The researchers have uncovered the precise molecular process by which Botox toxin is able to gain entry into the neurons in the brain.
In a remarkable study, the researchers Professor Frederic Meunier and Dr. Merja Joensuu from University of Queensland, Australia have been able to unravel how the Botox toxin, which can block nerve functions and lead to muscular and respiratory paralysis, is able to enter the brain.
Millions of individuals across the world use Botox every day, making it one of the most popular cosmetic procedures. However, a small percentage of those procedures result in adverse reactions.
This does not come as a surprise as Botox, also known as botulinum toxin type A, is the most toxic biological compound known which is produced by the bacterium Clostridium botulinum. The bacteria is commonly found in soil, water, on plants as well as in the intestinal tracts of animals. In fact, the toxin or the ‘miracle poison’ is so potent that just a few teaspoons of it would be enough to kill millions of people.
Botox entry in the Brain
The study which was published in The EMBO Journal sheds light on how the toxin may be able to accomplish this. The scientists discovered that this ability is conferred to the toxin by its ability to hijack a receptor complex.
With the help of super-resolution microscopy, the researchers were able to show that a receptor called Synaptotagmin 1 binds to two other earlier known clostridial neurotoxin receptors to form a small complex that sits on the plasma membrane of neurons, as explained by Professor Fredric Meunier, the neurobiologist of University of Queensland.

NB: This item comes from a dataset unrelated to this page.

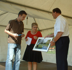 | Toespraak door wethouder Jetty Eugster en de bekendmaking van de winnaars van de fotowedstrijd rond de 'Dag van het Park'. . | Winnaar Eric Peeters en rechts voorzitter Jos Simons.. |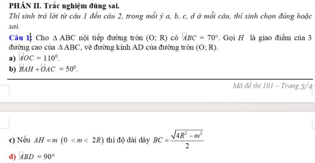 Do đó `\hat{BAH} + \hat{OAC} = 20^0 + 20^0 = 40^0` ( B sai)

This complex formed of the three receptors, is hijacked by the toxin, which then enters the synaptic vesicles that store the neurotransmitters necessary for the communication between neurons. Mainly, the release of the neurotransmitter acetylcholine is inhibited post the infection, causing the communication between nerves and muscle cells to be disrupted by Botox, which eventually results in paralysis. The symptoms of botulism include but are not limited to dilated pupils, double vision, hazy vision, drooping eyelids, slurred speech, difficulty swallowing, dry mouth, and muscle weakness.
The triple combination
The researchers demonstrated that this triple receptor combination is necessary for the Botox toxin to enter the neuron and get access into the brain. The toxin was unable to enter when it was bound to only one of the receptors. The cell developed a tube to let in the toxin but never broke from the surface when the scientists completely eliminated one of the receptors -the Syt1 receptor. One can imagine it to be similar to blowing bubbles, but with the bubble remaining attached to the wand.
The grave news is that it isn’t like only the individuals opting for such cosmetic procedures are the only ones at risk due to a dosage of Botox injection, but anybody can be prone to this infection as the bacteria that produces this toxin can be present in the food, or can be breathed in through soil particles or water. It can also possibly enter the wounds in case of unfortunate events.
Though currently there are antitoxins available, nevertheless the disease known as botulism still claims the lives of about 7% of those who contract it.
How the study may be helpful
The research team is hopeful that the new findings may lead to more effective disease therapies. Professor Meunier explained that now interactions between any two of the three receptors can be inhibited to prevent the lethal toxins from entering neurons since a better understanding of how this complex permit toxin internalization has been developed.